**Goal of the exercise**. Your job is to print, exactly, the lines in the data below from the line with "12.05.22 ЕС. Импорт" through the line with "Αναλυτικά τα κρούσματα", both included, and to omit any picture.
──────────────────────────────
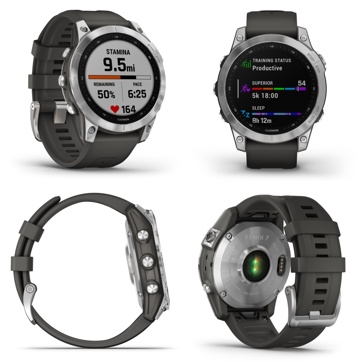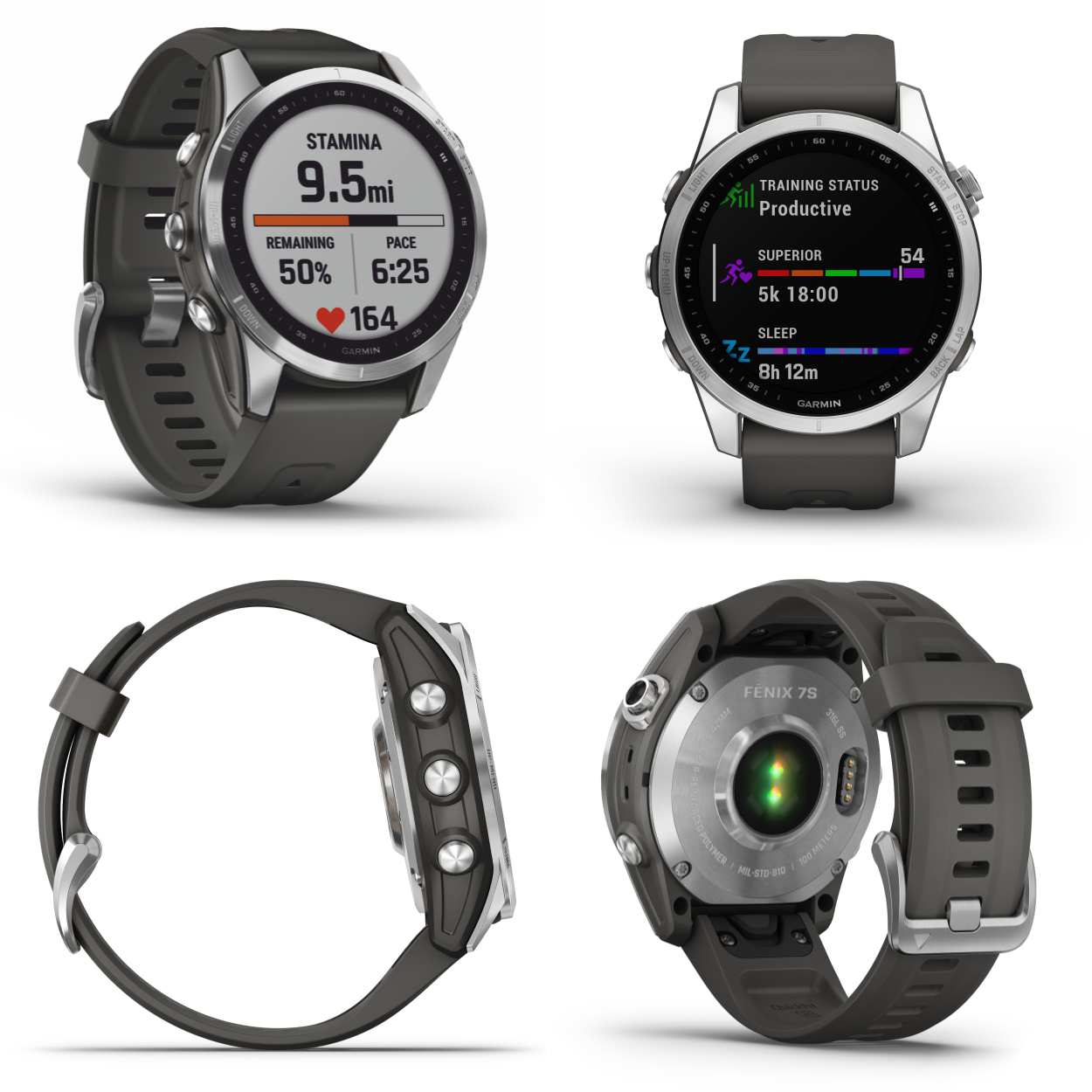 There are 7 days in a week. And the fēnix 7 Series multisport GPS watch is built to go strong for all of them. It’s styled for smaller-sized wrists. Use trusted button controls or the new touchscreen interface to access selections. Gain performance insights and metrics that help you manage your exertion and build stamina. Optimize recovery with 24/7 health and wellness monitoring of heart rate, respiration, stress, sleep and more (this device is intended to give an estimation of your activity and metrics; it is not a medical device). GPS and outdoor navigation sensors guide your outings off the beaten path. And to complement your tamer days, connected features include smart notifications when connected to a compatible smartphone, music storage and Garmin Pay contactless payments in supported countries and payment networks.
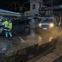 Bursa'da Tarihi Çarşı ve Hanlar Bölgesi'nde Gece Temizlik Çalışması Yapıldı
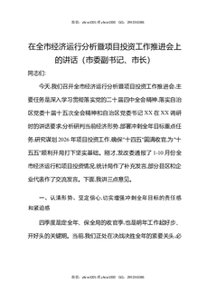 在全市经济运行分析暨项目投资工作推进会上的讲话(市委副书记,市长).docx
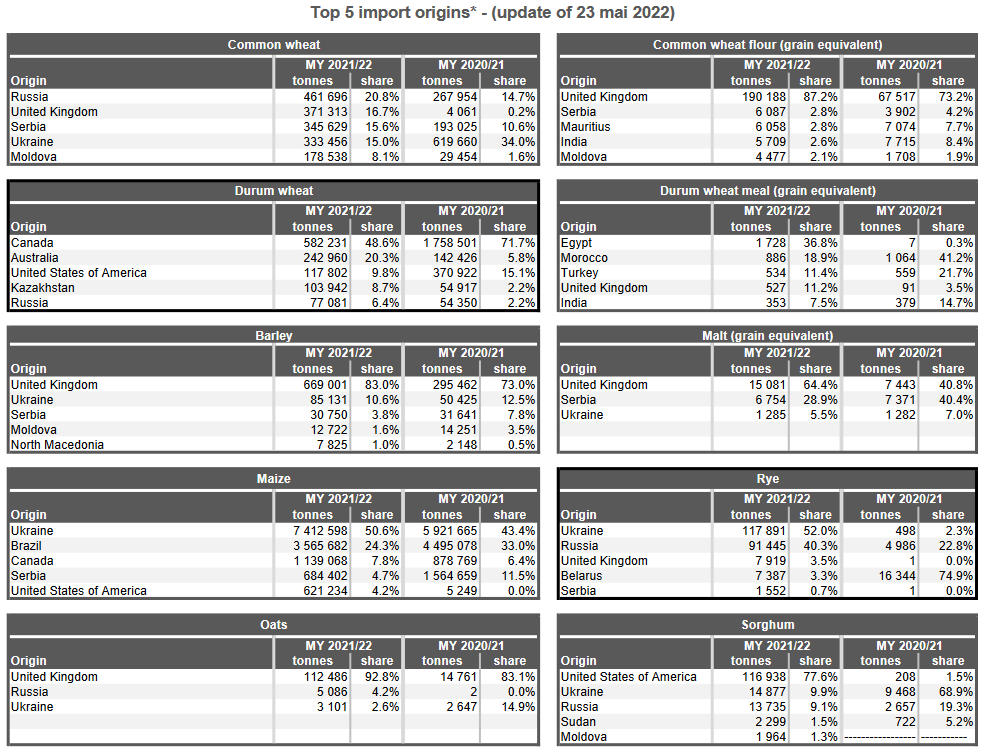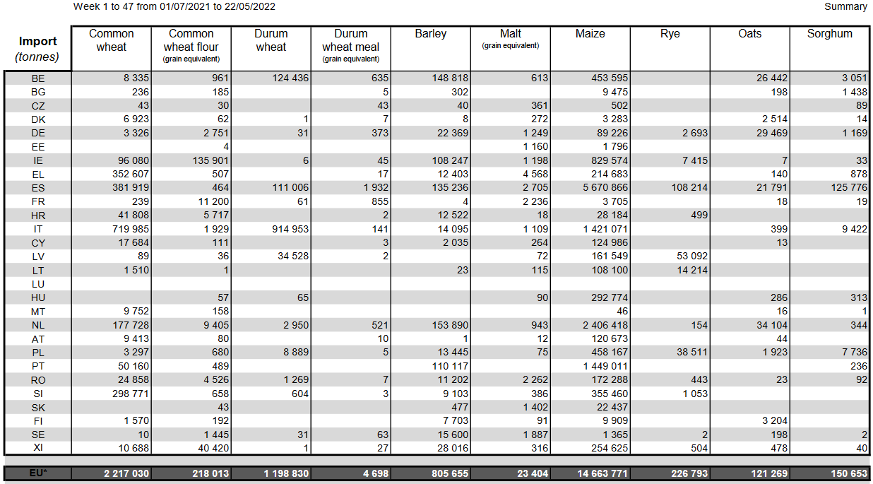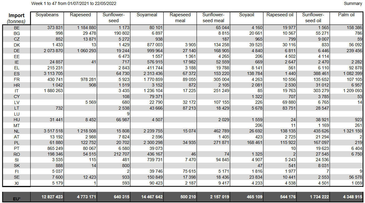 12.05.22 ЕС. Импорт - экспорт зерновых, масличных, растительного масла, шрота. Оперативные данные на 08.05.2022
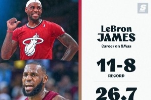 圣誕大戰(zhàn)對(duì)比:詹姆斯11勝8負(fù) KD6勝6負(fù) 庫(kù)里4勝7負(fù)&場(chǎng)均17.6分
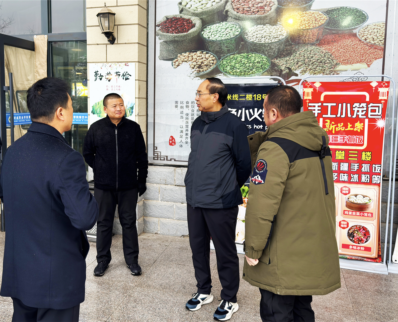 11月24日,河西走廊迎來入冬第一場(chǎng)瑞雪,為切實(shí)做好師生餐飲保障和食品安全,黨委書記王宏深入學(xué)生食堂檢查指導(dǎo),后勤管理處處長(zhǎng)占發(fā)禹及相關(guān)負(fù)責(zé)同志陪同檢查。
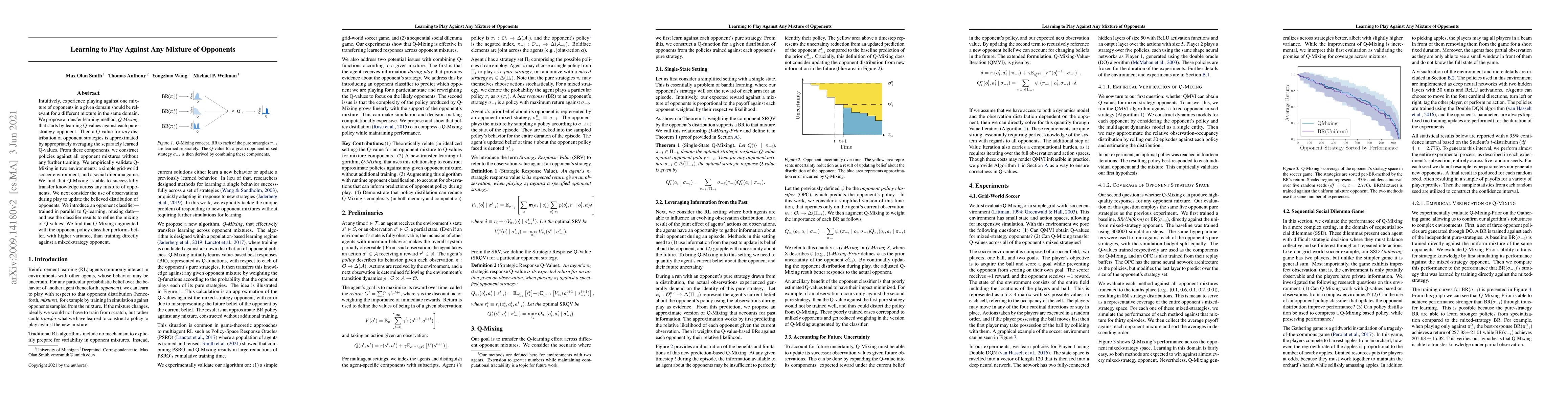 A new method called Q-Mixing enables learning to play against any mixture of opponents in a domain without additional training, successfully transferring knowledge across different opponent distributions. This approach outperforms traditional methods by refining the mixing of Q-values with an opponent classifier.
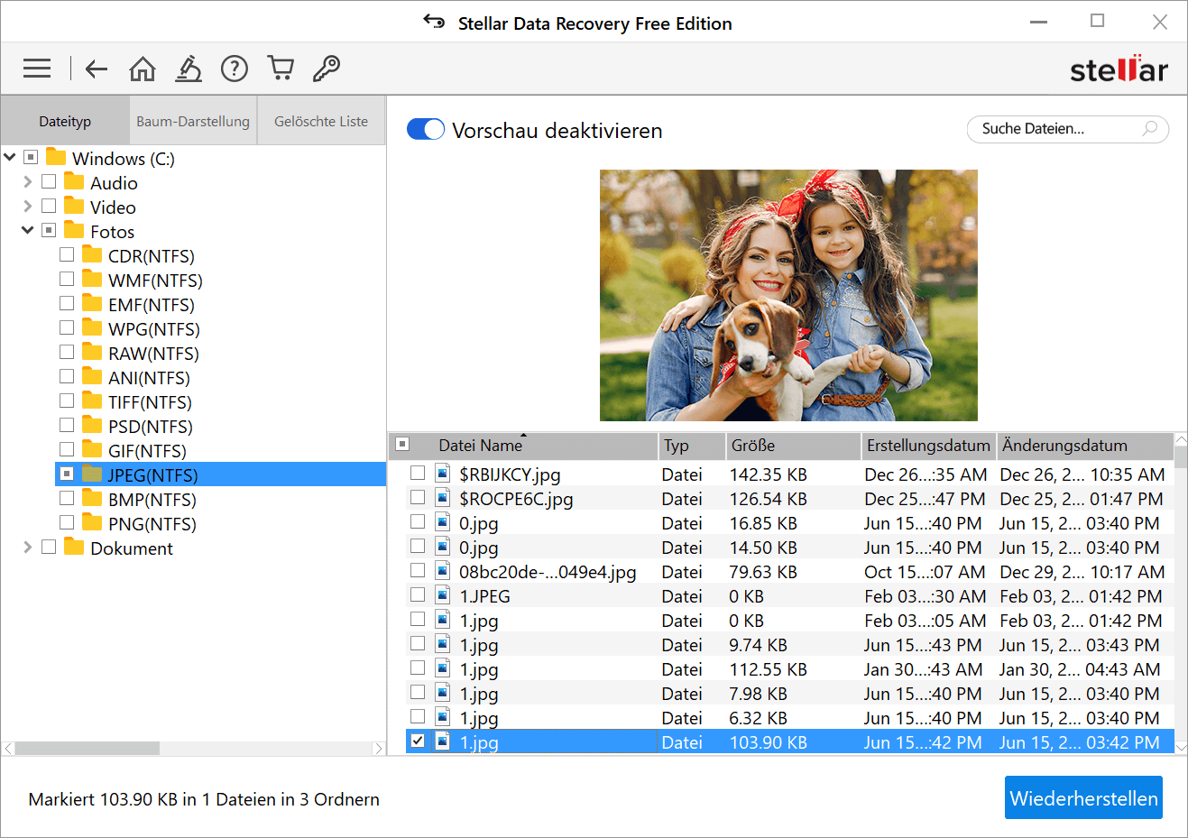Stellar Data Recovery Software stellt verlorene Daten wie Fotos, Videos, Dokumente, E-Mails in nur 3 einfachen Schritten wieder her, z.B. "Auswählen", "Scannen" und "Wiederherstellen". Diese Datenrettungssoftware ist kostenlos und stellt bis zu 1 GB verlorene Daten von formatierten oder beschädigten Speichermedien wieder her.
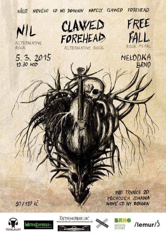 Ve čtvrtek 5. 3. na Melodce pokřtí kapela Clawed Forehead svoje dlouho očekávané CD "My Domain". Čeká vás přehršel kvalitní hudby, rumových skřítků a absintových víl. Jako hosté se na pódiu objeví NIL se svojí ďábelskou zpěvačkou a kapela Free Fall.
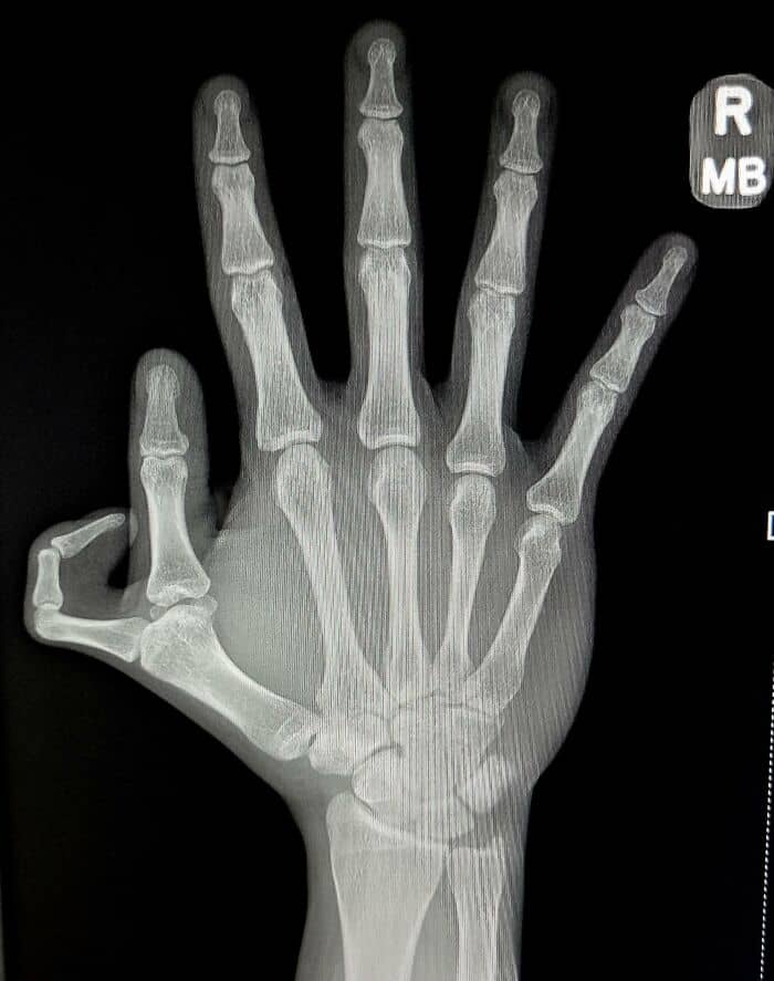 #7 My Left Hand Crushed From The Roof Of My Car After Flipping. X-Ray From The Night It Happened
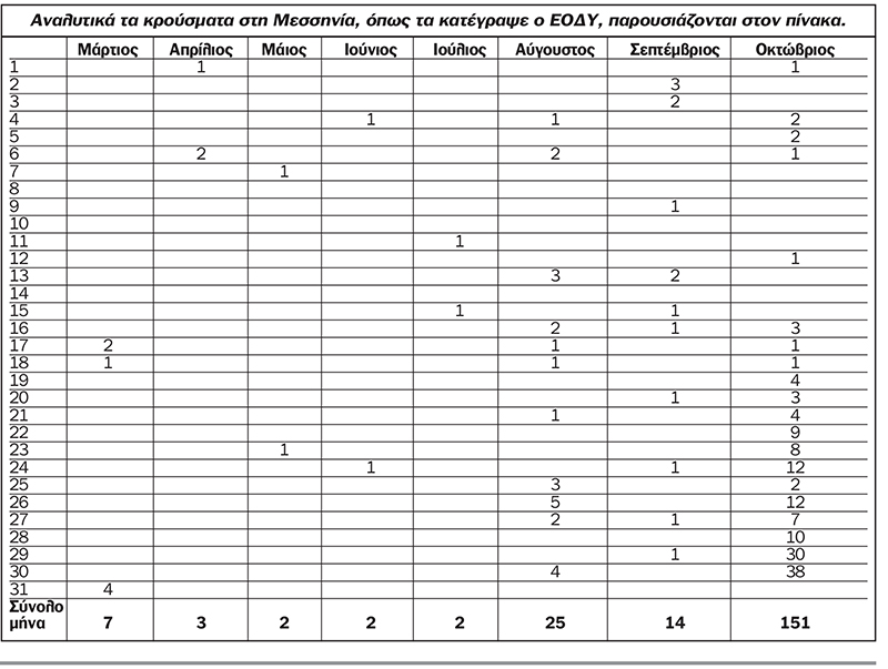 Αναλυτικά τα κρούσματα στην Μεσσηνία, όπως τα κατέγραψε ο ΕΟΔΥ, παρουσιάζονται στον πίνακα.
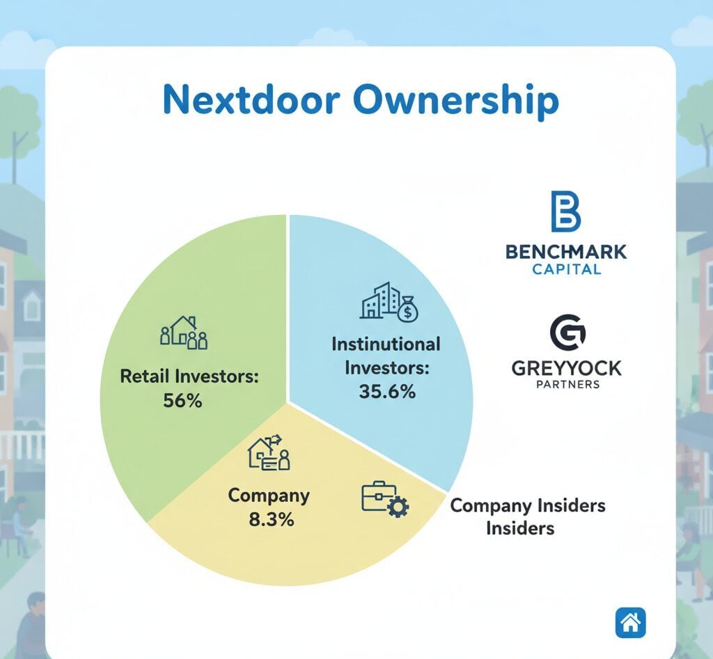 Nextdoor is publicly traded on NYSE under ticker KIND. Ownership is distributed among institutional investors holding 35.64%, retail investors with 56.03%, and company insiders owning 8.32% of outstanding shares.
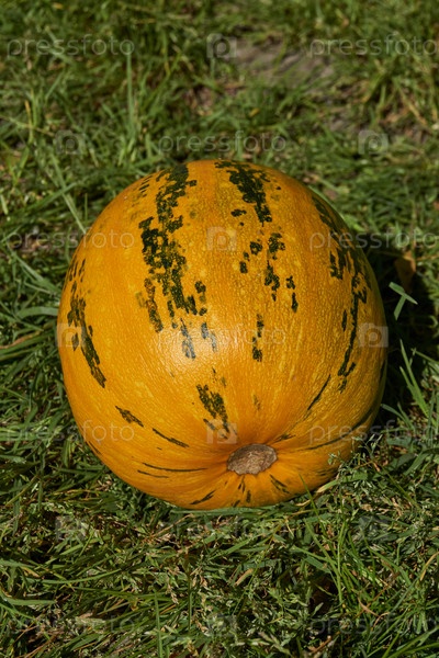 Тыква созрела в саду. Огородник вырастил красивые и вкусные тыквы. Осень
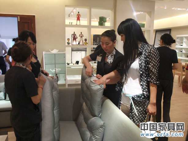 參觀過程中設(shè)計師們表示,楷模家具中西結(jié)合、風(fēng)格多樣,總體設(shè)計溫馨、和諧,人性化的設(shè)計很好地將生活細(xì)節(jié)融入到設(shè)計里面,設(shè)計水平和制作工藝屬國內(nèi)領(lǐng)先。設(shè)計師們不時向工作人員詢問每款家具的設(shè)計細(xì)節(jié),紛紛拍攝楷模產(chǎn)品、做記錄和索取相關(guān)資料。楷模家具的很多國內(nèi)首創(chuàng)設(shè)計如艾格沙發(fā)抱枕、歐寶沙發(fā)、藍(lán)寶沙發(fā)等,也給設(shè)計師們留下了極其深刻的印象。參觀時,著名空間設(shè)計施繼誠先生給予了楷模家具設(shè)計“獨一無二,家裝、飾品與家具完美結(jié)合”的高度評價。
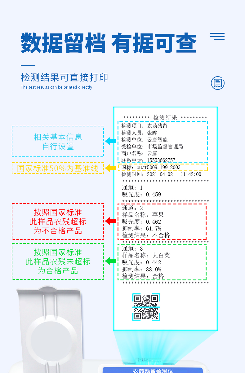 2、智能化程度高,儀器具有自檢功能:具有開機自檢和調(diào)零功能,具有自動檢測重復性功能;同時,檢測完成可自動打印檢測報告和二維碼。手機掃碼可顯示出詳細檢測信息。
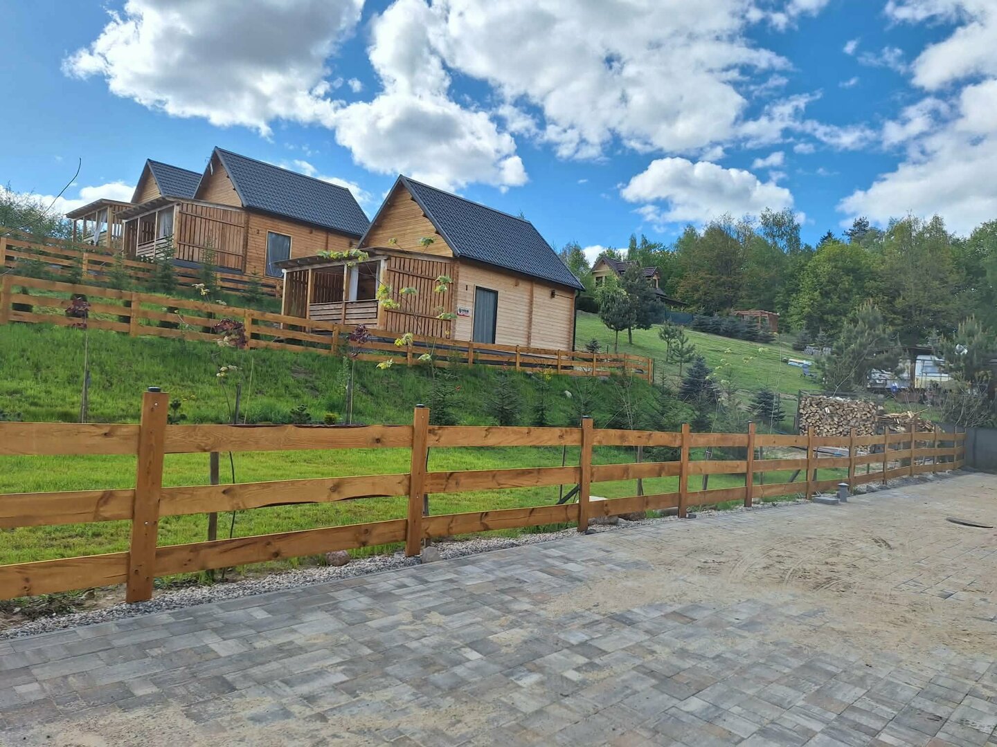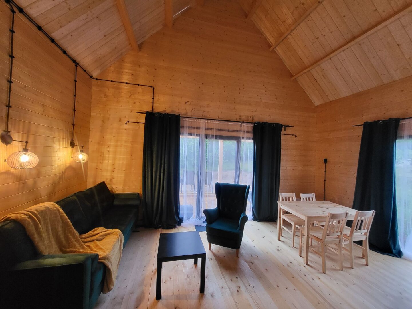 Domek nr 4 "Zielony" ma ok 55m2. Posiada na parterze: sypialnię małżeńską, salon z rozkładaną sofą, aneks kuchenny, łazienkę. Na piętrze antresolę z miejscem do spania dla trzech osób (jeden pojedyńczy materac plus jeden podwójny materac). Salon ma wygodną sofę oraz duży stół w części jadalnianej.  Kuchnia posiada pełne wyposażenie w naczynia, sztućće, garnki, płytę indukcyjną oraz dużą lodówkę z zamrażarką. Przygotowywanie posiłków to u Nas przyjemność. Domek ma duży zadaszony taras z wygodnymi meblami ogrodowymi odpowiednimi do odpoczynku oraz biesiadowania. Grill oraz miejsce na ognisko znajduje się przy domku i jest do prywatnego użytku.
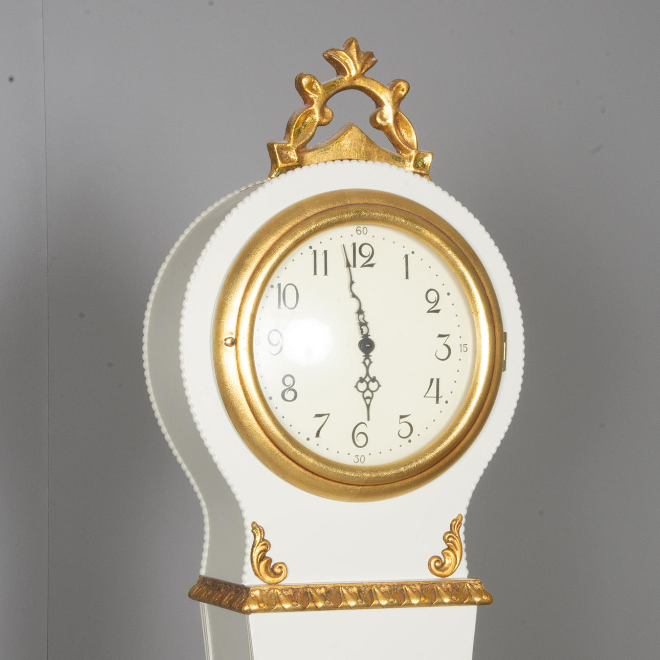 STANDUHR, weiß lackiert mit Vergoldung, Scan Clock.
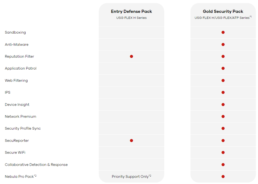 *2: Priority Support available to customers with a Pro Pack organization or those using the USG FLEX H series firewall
──────────────────────────────
**Finished task**.
 12.05.22 ЕС. Импорт - экспорт зерновых, масличных, растительного масла, шрота. Оперативные данные на 08.05.2022
 圣誕大戰(zhàn)對(duì)比:詹姆斯11勝8負(fù) KD6勝6負(fù) 庫(kù)里4勝7負(fù)&場(chǎng)均17.6分
 11月24日,河西走廊迎來入冬第一場(chǎng)瑞雪,為切實(shí)做好師生餐飲保障和食品安全,黨委書記王宏深入學(xué)生食堂檢查指導(dǎo),后勤管理處處長(zhǎng)占發(fā)禹及相關(guān)負(fù)責(zé)同志陪同檢查。
 A new method called Q-Mixing enables learning to play against any mixture of opponents in a domain without additional training, successfully transferring knowledge across different opponent distributions. This approach outperforms traditional methods by refining the mixing of Q-values with an opponent classifier.
Stellar Data Recovery Software stellt verlorene Daten wie Fotos, Videos, Dokumente, E-Mails in nur 3 einfachen Schritten wieder her, z.B. "Auswählen", "Scannen" und "Wiederherstellen". Diese Datenrettungssoftware ist kostenlos und stellt bis zu 1 GB verlorene Daten von formatierten oder beschädigten Speichermedien wieder her.
 Ve čtvrtek 5. 3. na Melodce pokřtí kapela Clawed Forehead svoje dlouho očekávané CD "My Domain". Čeká vás přehršel kvalitní hudby, rumových skřítků a absintových víl. Jako hosté se na pódiu objeví NIL se svojí ďábelskou zpěvačkou a kapela Free Fall.
 #7 My Left Hand Crushed From The Roof Of My Car After Flipping. X-Ray From The Night It Happened
 Αναλυτικά τα κρούσματα στην Μεσσηνία, όπως τα κατέγραψε ο ΕΟΔΥ, παρουσιάζονται στον πίνακα.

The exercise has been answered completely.